Anyway, is there a reason rooms can't be booked online? Is it because they have to merge something internally (coach ticket + room)?


----------



## sunchaser (Aug 9, 2012)

Sorcha said:


> Do they have plans to add this functionality in the future? If not, is there a reason we have to call AGR to book a roomette with points?
> 
> My boyfriend has over 15,000 points on his account, so he needs to call AGR to book the roomette for our trip home on Thanksgiving. He HATES talking on the phone, though, so our plan is to have him give the agent his AGR account number, confirm his identity, and then hand the phone to me to complete the booking. He's really shy, so he was actually 100% prepared to pay to transfer the points to my account so I could just do everything. (I told him that's silly.)
> 
> Anyway, is there a reason rooms can't be booked online? Is it because they have to merge something internally (coach ticket + room)?
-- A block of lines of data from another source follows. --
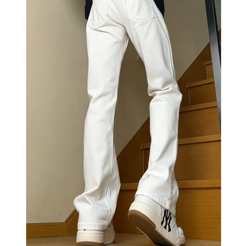 MOCO牛仔裤 摩安珂 摇滚洗磨莱卡棉弹力精裁高腰修长及地微喇裤
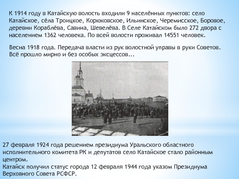27 февраля 1924 года решением президиума Уральского областного исполнительного комитета РК и депутатов село Катайское стало районным центром.
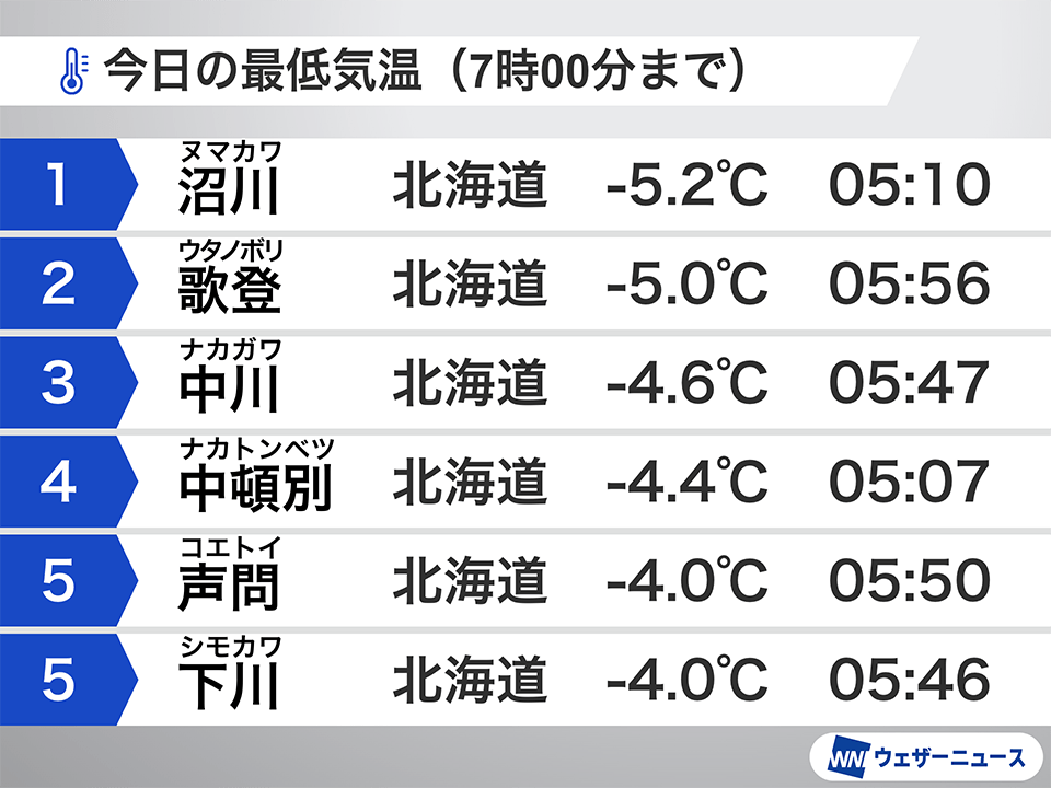 北海道では昨夜からよく晴れていたことで放射冷却現象が効き、熱が宇宙空間に逃げたことで冷え込みが強まりました。
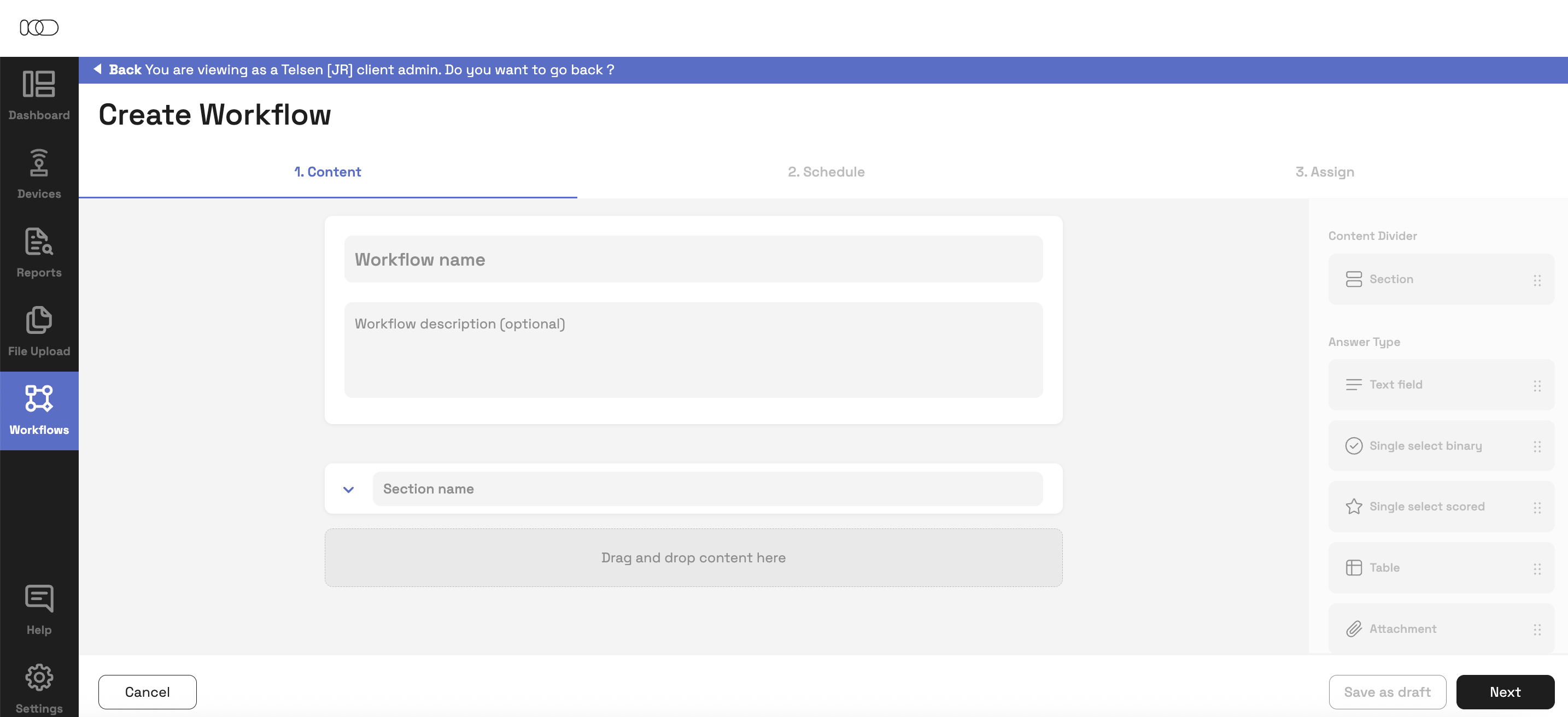 This opens the Workflow Builder where you can structure sections, tasks, questions, and answer types.
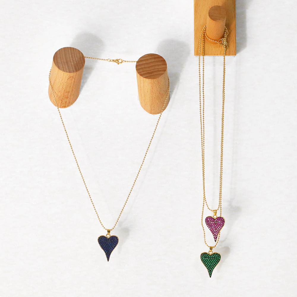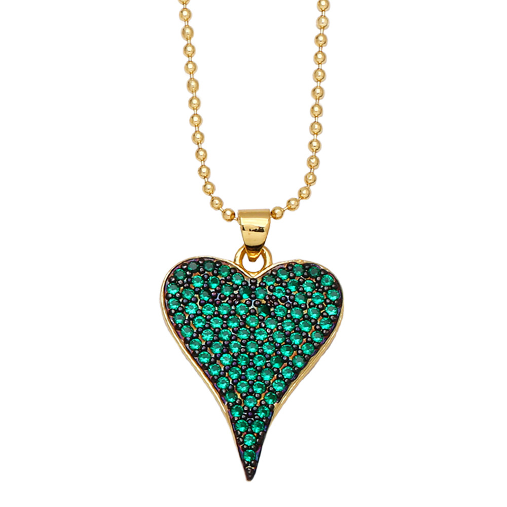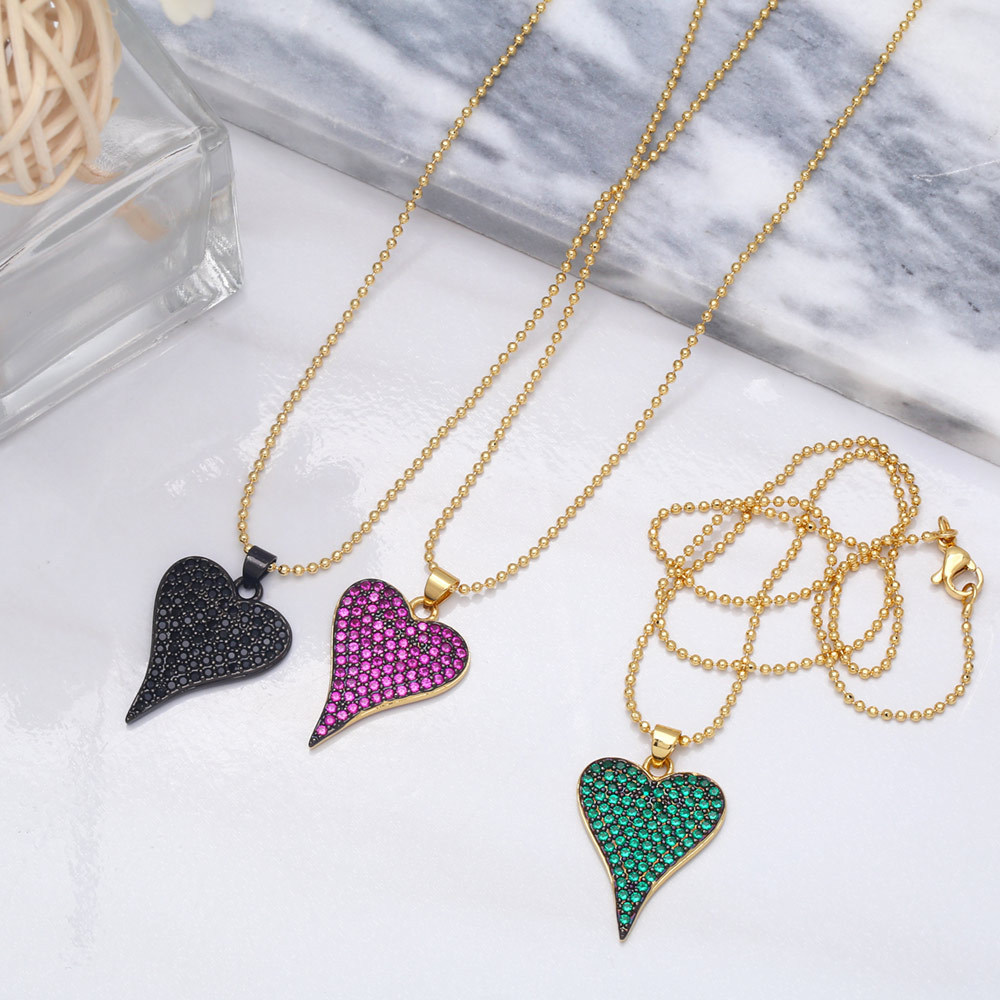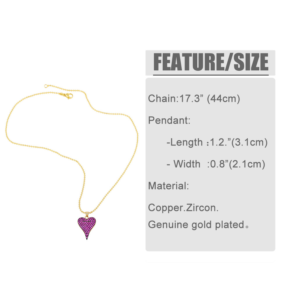 Love necklace female European and American fashion color zircon peach heart pendant personality temperament heart-shaped clavicle chain nkb117
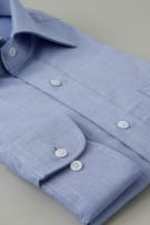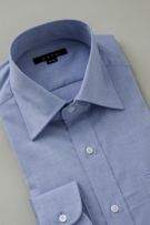 サックス無地のワイドカラーシャツ。

It still has to be done on the phone, and he can confirm his identity and then pass the phone to you. They offered us to allow access/changes to each other's account, but I don't know if they will do that with boyfriend/girlfriend situations. It would be nice to do it all online!


----------



## SarahZ (Aug 9, 2012)

sunchaser said:


> Sorcha said:
> 
> 
> > Do they have plans to add this functionality in the future? If not, is there a reason we have to call AGR to book a roomette with points?
> ...


Yes, as I said, that's how we're going to do it.  My question was, why can't it be done online, and is there a plan to implement that in the future?


----------



## fairviewroad (Aug 9, 2012)

The easy, non-technical answer is: No reason why it can't happen, except that Amtrak has not chosen to invest the resources needed to

implement this.


----------



## Devil's Advocate (Aug 9, 2012)

There is no _logical_ reason I'm aware of. You can purchase roomettes online via credit card without issue, so it must be some sort of technical problem specific to AGR's rudimentary website. Your boyfriend can instruct AGR to allow you to control his account now _and in the future_. Once you're authorized on his account he doesn't need to be involved any further and there is no requirement that you're his spouse or anything like that.


----------



## SarahZ (Aug 9, 2012)

Okay, thanks. I'll have him provide authorization so we don't have to deal with this again.


----------



## sjgiss (Aug 9, 2012)

Just a heads up if you are truly traveling on Thanksgiving you can't use AGR points that is a blackout date.


----------



## amamba (Aug 9, 2012)

Yes my H added me as an authorized user to his AGE account. I can book travel, etc on it any time.


----------



## the_traveler (Aug 9, 2012)

sjgiss said:


> 1344556968[/url]' post='386146']Just a heads up if you are truly traveling on Thanksgiving you can't use AGR points that is a blackout date.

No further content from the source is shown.